Swallowdale is the latest book we’ve finished in Arthur Ransome’s excellent Swallows and Amazons series. The books tell the story of a group of children who were allowed to have all sorts of adventures in England’s Lake District back in the 1920s or so. The kids operate sailboats, camp out alone on islands, drink presumably caffeinated tea, have imaginative pirate wars, and basically do all sorts of things that kids nowadays would never be allowed. They are remarkably self-reliant and trustworthy, and I’m glad for my kids to hear about such fun and stout-hearted friends. Other than one character being a little prone to blustery name calling (she has a penchant for referring to her sister as “you goat!”) overall the characters are good examples and we all enjoy their jolly good times.
Catherine: The Great Journey, Russia, 1743 is a good book to use with elementary readers (it’s listed as a 3rd-7th grade book, but I can’t see any reason why younger kids couldn’t read it–it’s quite easy and the subject matter is glossed) as a reference for what was going on in Russia between Peter the Great and Catherine the Great. This fictionalized account tells how young Catherine came to Russia as a 14 year old and her harrowing journey to becoming Empress. If you’ve studied this time period as an adult you might be wondering how on earth you could present this stuff to a child, but the book does a good job of letting the reader know that Catherine’s husband was deranged and weird without making it too terribly disturbing.
Colonial Living is a rather massive but excellently illustrated and deeply detailed resource on day-to-day life in the American colonies from the earliest European settlements to the eve of the Revolutionary War. The book was assigned as a read-aloud for Tapestry, and reading a little bit every day made it more manageable, but it still took us a couple of months of school days to read it all. The text is quite detailed but not dry, and the beautiful line drawings illustrating throughout are worth looking at even if your kids are too young to get into the text.
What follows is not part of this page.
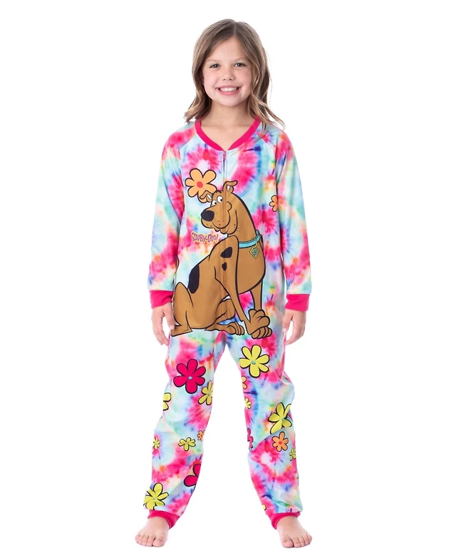 Scooby-Doo Girls Tie-Dye Flower Power 1-Piece Union Suit Footless Sleeper Pajama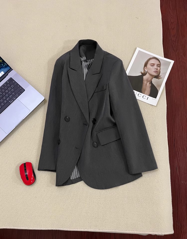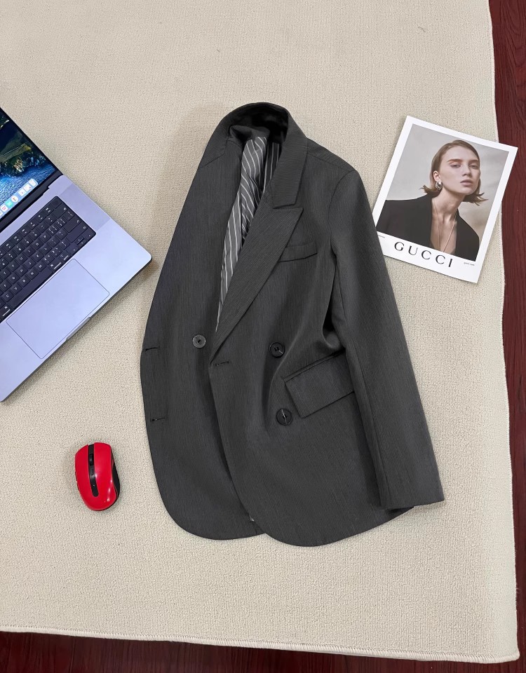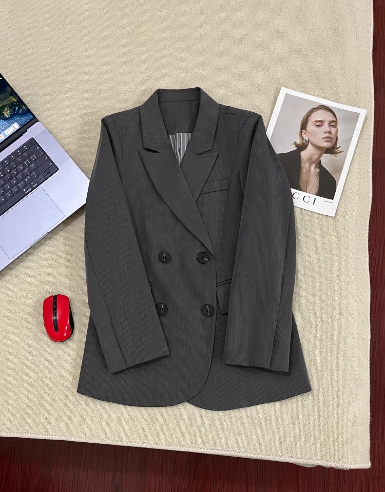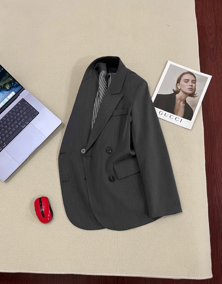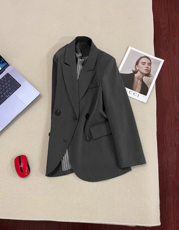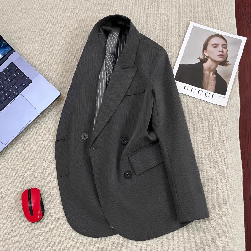 그레이 양복 재킷 여성용 2025 봄 가을 신상 더블 브레스티드 캐주얼 다용도 디자인 트렌디한 기품 있는 정장스토어 가기

Even as an adult I learned quite a bit from this book, and would highly recommend it.
We read Calico Captive out loud as a family a couple of years ago, but Hannah read it again to herself a couple of times and when my aunt expressed an interest in going on our Starbucks book club during her visit, Hannah thought this book would be a good one to discuss. Fortunately it fits right in with what we’re studying in school, and dovetails nicely with The Arrow Over the Door described above. In Calico Captive an American family from frontier New Hampshire is captured by Abenaki raiders and sold to the French in Montreal. The details of their harrowing journey and struggle to be ransomed are interesting, especially set in the context of the main character, a young girl who is learning to grow up. The book has a nice mix of adventure, frontier living, fashions, and quests to keep the reader or listener enthralled. I enjoyed reading it a second time.
What have you been reading with or to your kids this month?